Pluralism (religious, historical) will evidently be inevitable here. Fractions have become visible in the sealed flask labelled “Contemporary art.” These gradations depend on who has done this or that project—representatives of different social groups, art schools, or regional associations. This makes sidesteps even less possible, narrowing the room for manoeuvre until there is barely any space left to breathe. But people exist and work in such conditions with pleasure, in as far as a rigid framework lends value to their activity, while meaning disappears faster and faster from their artistic work itself. Which, again, is neither good nor bad, but simply the world we now live in.

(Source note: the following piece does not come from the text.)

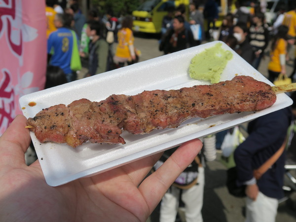 並んでいる間も痩せないよう、パワフルでスパイシーな牛サーロイン串を補給しつつ…

At the lowest point (let us imagine ourselves at an exhibition of contemporary artists of such and such a city or artistic school), there is nothing to be done. Any surge of transgressive or visionary force will be immediately nipped in the bud by colleagues in the shop—a dense, homogenous environment. At the highest level—for example, at a biennale, or in a museum—the free work of the imagination will also be doomed. Within moments, the curatorial bureaucracy will swiftly pack fresh breath into old flasks. And only somewhere in the middle, between these poles, at the intersection of various interests and organising forms, will it be possible to fruitfully go out of one’s professional mind. What is at hand is not, of course, the tired concept of “interdisciplinarity” that has indefatigably met visitors to exhibitions large and small over the last decade, but rather strange and accidental meetings with people outside the artistic bubble (unlike planned collaborations with sociologists, philosophers, workers, and other examples of multifaceted inclusion). Or violations of the conventions that presume the non-intersection of the zones of existence of different, irreconcilable micro-communities within the artistic field—this, by the way, is a real rarity. Or the bringing of the insanity taking place on all levels of social and cultural life to an even greater level of absurdity. Given the artistic world has become so religious, why not trust in the irrational—or at least in intuition—to the fullest? Only in such circumstances might exhibitions get a second lease of life—although here too there is a great risk of slipping into a motley festival whirlwind. But all this only makes the attempt all the more exciting.